PostAuthor: Tylluan » Mon Oct 17, 2011 9:24 am

Alternate names: Cailleach Bheur, Cailleach Uragaig, Cailleach Beinne Bric ("Old Woman of the Speckled Mountain"), Cailleach Mor ("Great Old Woman") (Scotland); Cailleach Bheirre, Cailleach Bolus, Cailleach Corca Duibhe (Ireland); Caillagh ny Groamagh, Caillagh ny Gueshag (Isle of Man). On the east of Scotland where the Scots language developed parallel to Gaelic she is known as the Carlin, who is sometimes known as the Queen of the Witches.

“I am the Cailleach, Goddess of Winter, Mother of Mountains, Ageless Lady of Dark Places, Ancient Crone of Wisdom. The Winter brings the Spring, and in death, I am endlessly renewed.”

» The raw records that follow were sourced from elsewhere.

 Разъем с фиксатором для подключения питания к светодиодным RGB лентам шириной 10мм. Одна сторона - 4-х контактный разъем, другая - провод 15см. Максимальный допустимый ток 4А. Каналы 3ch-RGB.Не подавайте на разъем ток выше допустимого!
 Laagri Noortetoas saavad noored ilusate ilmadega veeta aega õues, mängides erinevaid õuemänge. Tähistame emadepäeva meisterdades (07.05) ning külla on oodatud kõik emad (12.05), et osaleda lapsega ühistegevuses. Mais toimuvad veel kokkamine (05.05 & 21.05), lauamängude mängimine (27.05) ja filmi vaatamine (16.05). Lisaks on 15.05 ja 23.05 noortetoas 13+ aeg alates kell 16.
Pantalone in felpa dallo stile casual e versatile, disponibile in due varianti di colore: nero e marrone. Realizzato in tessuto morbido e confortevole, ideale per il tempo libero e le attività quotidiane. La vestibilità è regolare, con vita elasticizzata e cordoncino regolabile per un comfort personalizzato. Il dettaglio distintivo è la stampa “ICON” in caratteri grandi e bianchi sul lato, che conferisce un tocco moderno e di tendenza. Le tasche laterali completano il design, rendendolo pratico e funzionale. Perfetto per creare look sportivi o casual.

The early Celts did not fear the dark side of life. They were fearless in the face of death, which their belief in reincarnation taught them was “… but the centre of a long life.” It was not uncommon for a man to lend money and agree on repayment in a future lifetime. Their day began at dusk; the new year at Samhain. Darkness was associated with new beginnings, the potential of the seed below the ground. In Celtic mythology and folk-lore, the wisdom of darkness is often expressed by powerful Goddess figures. Their role is to catalyse change through the transformative power of darkness, to lead through death into new life. A Dark Goddess of nature, particularly in Scotland, is the Cailleach, a name that came to mean “Old Wife”, but which is literally, “Veiled One,” an epithet often applied to those who belong to hidden worlds and after Christianity arrived became the accepted term for a nun. This has led to an interesting situation where confusion arises between a figure who was part of ancient Mother Goddess belief and Christian nuns. To this name is often added Bheur: ‘sharp’ or ‘shrill’, for she personifies the cutting winds and harshness of the northern winter. She was also known as the daughter of Grianan, the “little sun” which in the old Scottish calendar shines from Hallowmas to Candlemas, followed by the “big sun” of the summer months.

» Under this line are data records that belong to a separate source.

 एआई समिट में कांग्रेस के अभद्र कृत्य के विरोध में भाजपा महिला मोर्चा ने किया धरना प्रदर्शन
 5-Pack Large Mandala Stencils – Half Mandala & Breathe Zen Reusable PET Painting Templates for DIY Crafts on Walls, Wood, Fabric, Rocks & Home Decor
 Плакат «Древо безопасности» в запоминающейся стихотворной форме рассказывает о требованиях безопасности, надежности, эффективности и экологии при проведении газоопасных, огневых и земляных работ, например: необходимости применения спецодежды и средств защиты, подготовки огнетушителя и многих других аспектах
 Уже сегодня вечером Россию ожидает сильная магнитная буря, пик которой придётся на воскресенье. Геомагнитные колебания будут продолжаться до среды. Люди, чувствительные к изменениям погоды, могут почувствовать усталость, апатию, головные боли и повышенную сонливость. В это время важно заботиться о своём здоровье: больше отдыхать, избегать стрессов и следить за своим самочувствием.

At a cultural level, the Dark Goddess appears in a number of guises, and her role is to facilitate at important transition times of Celtic society, such as war and the choosing of kings. In Ireland, Morrigan, whose name means Phantom Queen, is a battle-fury. Along with Badb (Crow) and Macha, she forms a triplicity who unleash their powers of enchantment to bring mists, clouds of darkness, and showers of fire and blood over their enemies. Their howls of menace freeze the blood and cause soldiers to flee the battlefield. Any aspect of this triple Goddess might appear among opposing armies as crows or ravens, sinister black carrion birds of death.

Or warriors might see a lean, nimble hag, hovering above the fray, hopping about on the spears and shields of the army who were to be victorious. Another of her aspects is the Washer at the Ford, an old woman seen washing the linen of a soldier about to die in battle. Beholding her at this liminal place, a warrior knew that he would soon be crossing the river that separates life and death.

Yet to the Celts, blood and carnage on the battlefield fertilised and replenished the earth. War and death gave way to life and a flourishing land, and Morrigan, who represents this mystery, was also a Goddess of fertility and sexuality, sometimes appearing as a beautiful young woman. She was strongly identified with the land itself, in her guise as Sovereignty, the goddess with whom a king-to-be had to mate in a ritual marriage to the country of Ireland.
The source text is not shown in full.